Moreover, those who are sexually active should be aware that pregnancies can occur after an ablation, but it is not safe.
Bleeding after Endometrial Ablation – Is it Normal?
Endometrial ablation recovery is not complete without vaginal bleeding. It is normal to wear pads for the first few days. However, you should not use tampons or douche during that time.
Persistent bleeding can be a problem and will require a pelvic examination and a discussion with your doctor regarding the next steps, which might include a hysterectomy.
Nine out of ten women will have lighter or no periods after undergoing endometrial ablation. Moreover, it is also a possibility that your period comes back heavier a few years later.
Discharge after Endometrial Ablation
You can expect a thin, fluid discharge from an ablation.

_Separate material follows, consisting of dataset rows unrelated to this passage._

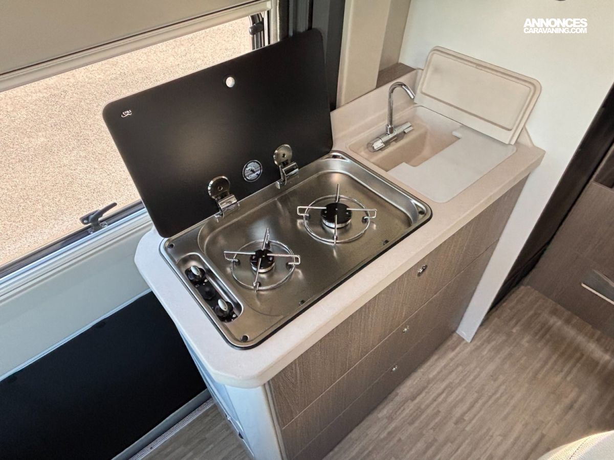 Le EDEN CAMP - VAN 599 LT est un fourgon compact et très fonctionnel, idéal pour les aventuriers modernes. Avec ses 5,99?m de long, il offre un agencement optimisé avec cuisine équipée et salle d’eau astucieuse. Parfait équilibre entre confort, maniabilité et liberté totale sur la route !
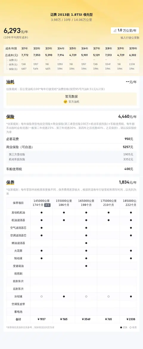这辆迈腾2013款 1.8TSI 领先型的二手车行情大致在3.75万至4.87万之间,目前该车报价3.98万元,价格处于适中水平。10年平均用车成本大约为每年1.0万元左右,具体费用要看车辆的使用情况而定。
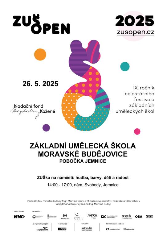 - 26.5. ZUŠka na náměstí: hudba, barvy, děti a radost, 14:00 - 17:00, nám. Svobody, Jemnice
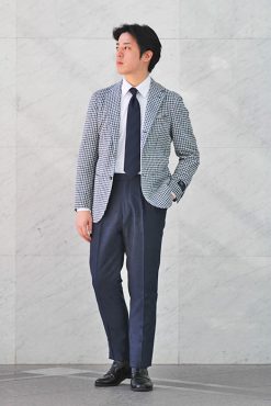 - 白とネイビーのハンドトゥースジャケット 静岡駅前店
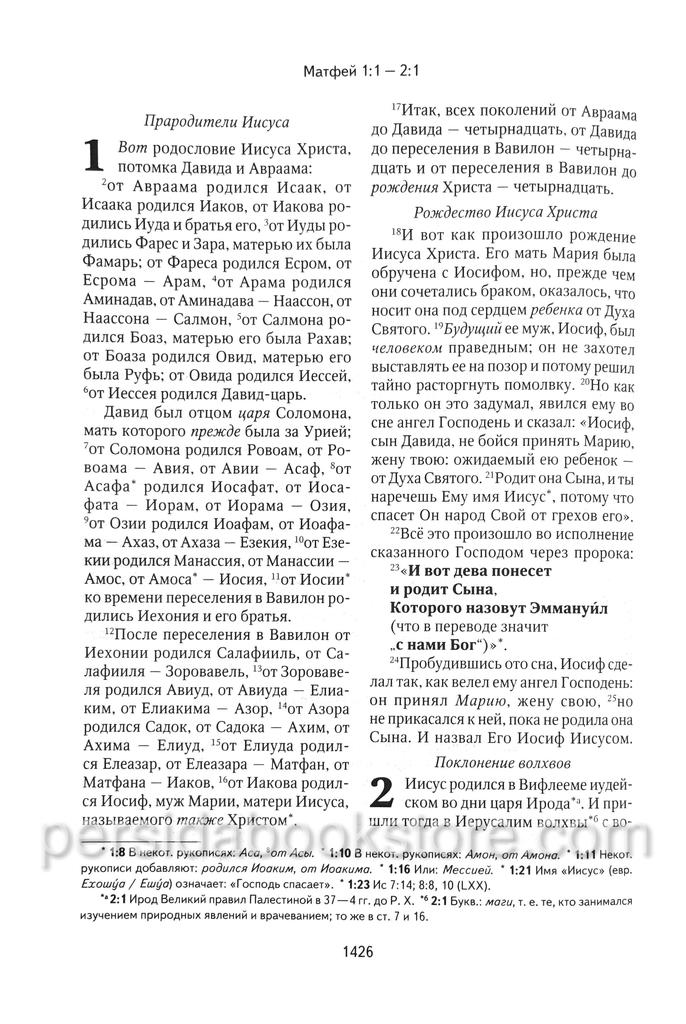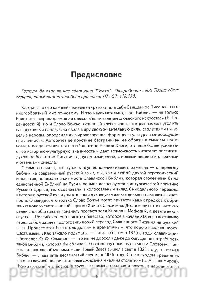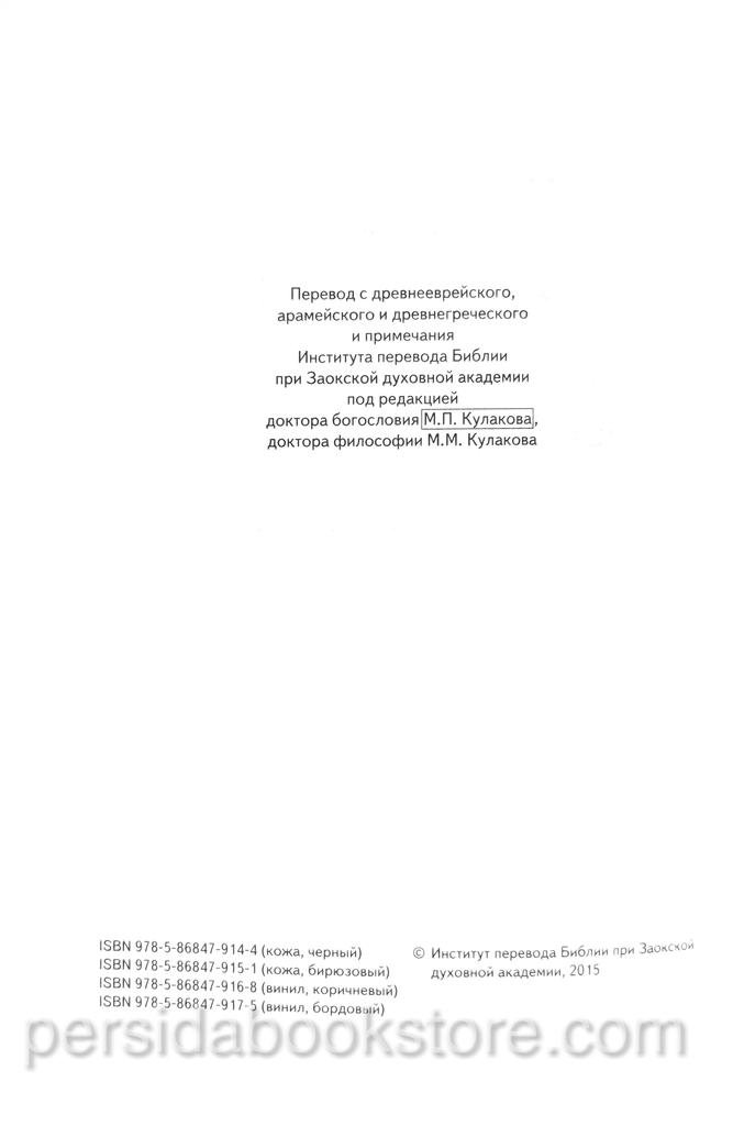 Библия, содержащая книги Священного Писания Ветхого и Нового Завета, в современном русском переводе под руководством Михаила Петровича Кулакова. Имеется комментарий к тексту внизу страницы. Перевод велся на протяжении более 10 лет в «Институте перевода Библии». Новый перевод книг Священного Писания сделан группой ведущих российских ученых Института перевода Библии — библеистов и филологов, принадлежащих разным христианским конфессиям. Цель настоящего издания — предложить читателю в меру возможного точный и художественно убедительный перевод Библии, основанный на новейших научных изданиях древних текстов и последних достижениях современной библеистики. Книга адресована самому широкому кругу читателей.

Plus, the discharge can be mixed with blood and appear bloody. It will likely feel heavy for the first few days after surgery, and after a few weeks, the ablation discharge will go away.
If you detect any difference in its color and smell, it is recommended to consult a physician and get medical assistance.

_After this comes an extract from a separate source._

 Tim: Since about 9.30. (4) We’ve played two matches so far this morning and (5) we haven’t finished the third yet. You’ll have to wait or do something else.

Possibility of having kids from Endometrial Ablation
The chances are slim that an endometrial procedure will lead to pregnancy, but it is possible and can be harmful. If the pregnancy occurs after this procedure somehow, it’ll come with serious and sometimes fatal complications.
Surgery of this kind cannot substitute for sterilization and hysterectomy. Women must continue to use birth control post uterine ablation.
Back Pain after Endometrial Ablation
Most people don’t experience back pain. However, abdominal cramping after the surgery should be expected. There are instances when women experience cyclic pelvic pain that can last from months to several years.
Back pain could indicate a late-onset failure of endometrial ablation. If you experience severe back pain after the procedure, you should see your doctor.
Recovery from Pelvic Pain After Endometrial Ablation
After undergoing endometrial ablation, it won’t take long for you to heal. It usually takes a few days for most women to recover.
You may feel mild bleeding and cramp or watery discharge for weeks. Plus, nausea and a sudden urge to urinate are common in the initial 24 hours.
Make sure to follow your doctor’s advice of not having sex, wearing douche or tampons for the next few days. Moreover, your activity level may also be limited.
If you suffer from pelvic pain after endometrial ablation, pelvic floor physical therapy will greatly benefit you. Through therapies, many women have experienced significant improvement and have recovered sooner.
Endometrial Ablation is a complex procedure that involves several risks and benefits. It requires special care to recover quickly from the procedure’s complications. It is common to have watery discharge and bleed after the treatment, but not back and pelvic pain.
Hopefully, this blog helped you discover the symptoms of concern and helped you gain insight into the recovery procedure.